Ben Markovits

Running out of time

In Two Hours Ed Caesar tracks the footsteps of the remarkably athletic Kalenjin tribe

issue 11 July 2015

Two Hours is a kind of Hoop Dreams for runners. Ed Caesar follows a handful of Kenyan marathoners, tracks their races and careers, and talks to them about their lives. Part of what’s moving about the book is the sense you get that these athletes (the children mostly of subsistence farmers from the Rift Valley in East Africa, who sometimes had to break rocks to pay for their primary schooling) were born with an inheritance as rich as any Notting Hill trustfunder’s — except that instead of stock options and the deeds to a house they have inherited a series of genetic codes which give them long, light legs and an extraordinary capacity to burn oxygen efficiently.
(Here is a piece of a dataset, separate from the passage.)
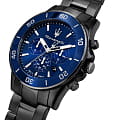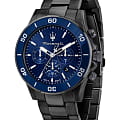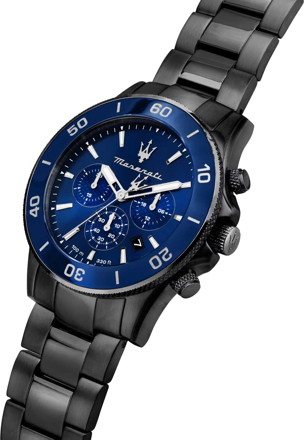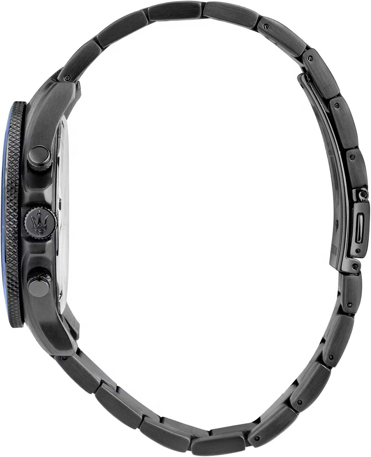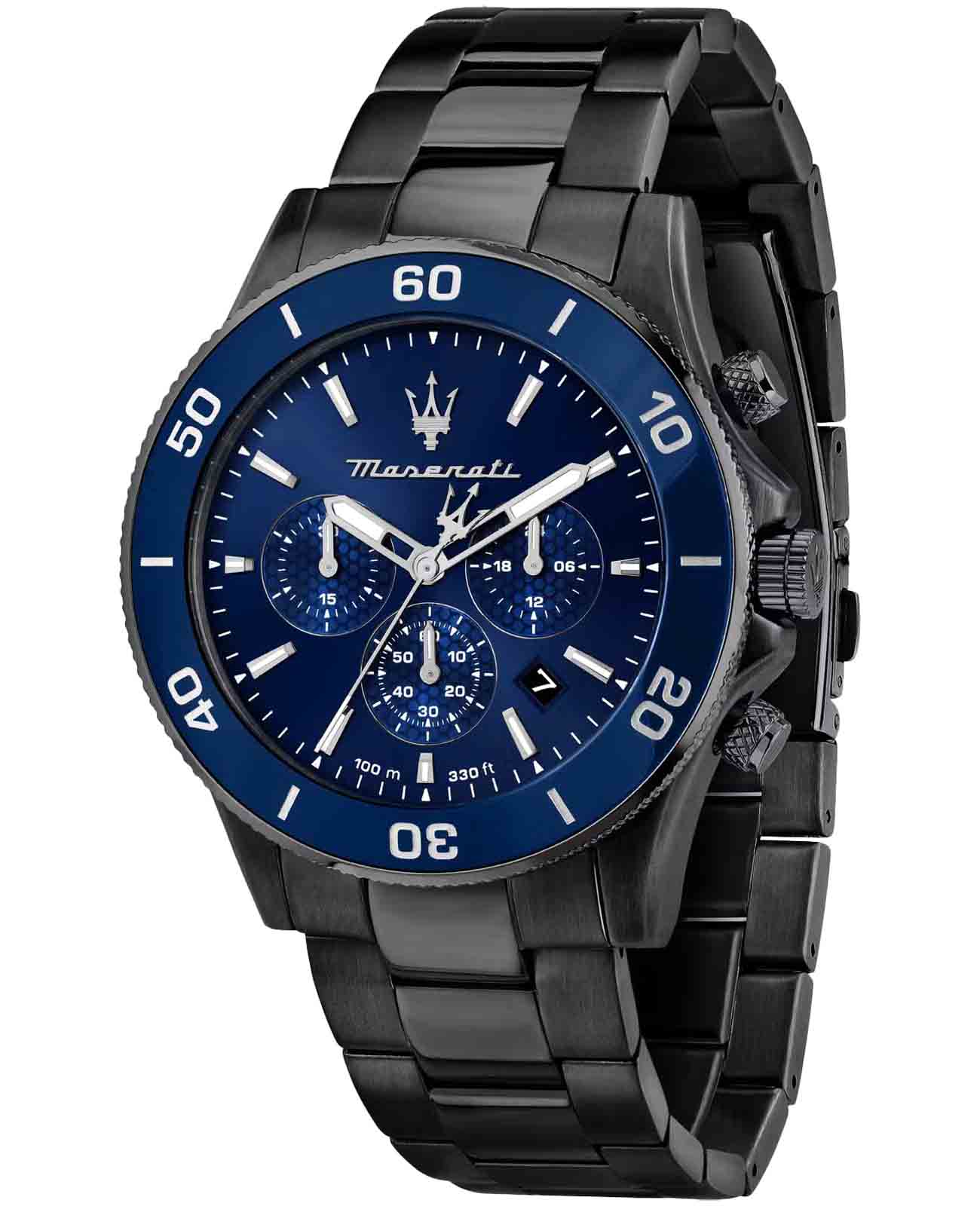 Мужские часы Maserati R8873600005 — это стильное сочетание элегантности и современного дизайна. Корпус из нержавеющей стали с PVD-покрытиемPVDУльтратонкое покрытие наносится в технике вакуумного напыления, сочетает в себе нитрид титана особой прочности со слоем золота или оксида хрома. Несёт в себе декоративную или защитную функцию. диаметром 43 мм идеально сбалансирован и элегантен. Минеральное стеклоМинеральное стеклоМинеральное стекло представляет собой искусственно выращенный минерал кварца. Такое стекло отличается особой устойчивостью к повреждениям и царапинам. Уступает по некоторым качествам сапфировому стеклу. защищает циферблат от царапин. Стальной браслет на застёжке-бабочке с кнопкамиЗастёжка "бабочка"Такой вид застёжки дополняется предохранителями, помогающими избежать случайного раскрытия браслета. Обладают изящным исполнением. идеально дополняют дизайн часов, обеспечивая комфортное ношение. Стрелки и метки с люминесцентным покрытиемЛюминесцентное покрытиеПозволяет считывать показания времени в темноте. Производители наносят на стрелки, часовые индексы, безель или поверхность циферблата светонакопительный состав, дающий холодное свечение.. БезельБезельВнешний ободок, закрепляющий стекло. В спортивных часах так называется поворотное кольцо с делениями на циферблате, выполняет роль таймера – замеряет отрезки времени на шкале. Неподвижный безель – элемент декора. Однонаправленно вращающийся безель на дайверских часах позволяет фиксировать моменты погружения и выныривания на поверхность. с керамической вставкой. Часы обладают впечатляющей водонепроницаемостью до 10 бар (100 метров), что делает их идеальными для повседневной носки. Метки в виде штрихов. Окошко даты с увеличительным стеклом находится в положении 3 часа. Часы-хронографХронографФункция позволяет измерять отрезки времени с особой точностью: часы, минуты, секунды. Верным признаком хронографа является наличие на циферблате 3 дополнительных окошек-счётчиков. оборудованы надёжным кварцевым механизмом с калибром Miyota JS25, обеспечивающим точность и долговечность.

At least, that’s one way of telling the story:

What’s so intriguing about Kenya’s success at long distances, and what makes the scientists who study the reasons behind that success so excited, is that their champions almost uniformly hail from one tribe: the Kalenjin.

Caesar quotes from David Epstein’s book The Sports Gene, which puts their success down to a curious historic combination of facts. The Kalenjin are originally a valley tribe who have moved up recently into the mountains, so they combine the lung surface area of people born at altitude with the ‘sea-level ancestry’ that allows their haemoglobin to respond quickly to training at elevation.

And yet gene science hasn’t managed to prove the nature side of this argument — at least not yet. The consensus seems to be, we don’t have enough information, and some of the smart money is on nurture, too. Culture plays a large part in all this. Kenyans themselves seem to take a democratic view of their success. It’s a peculiarity of Kalenjins, says one European coach, that they possess utter faith that ‘anybody can run — it’s only a question of training.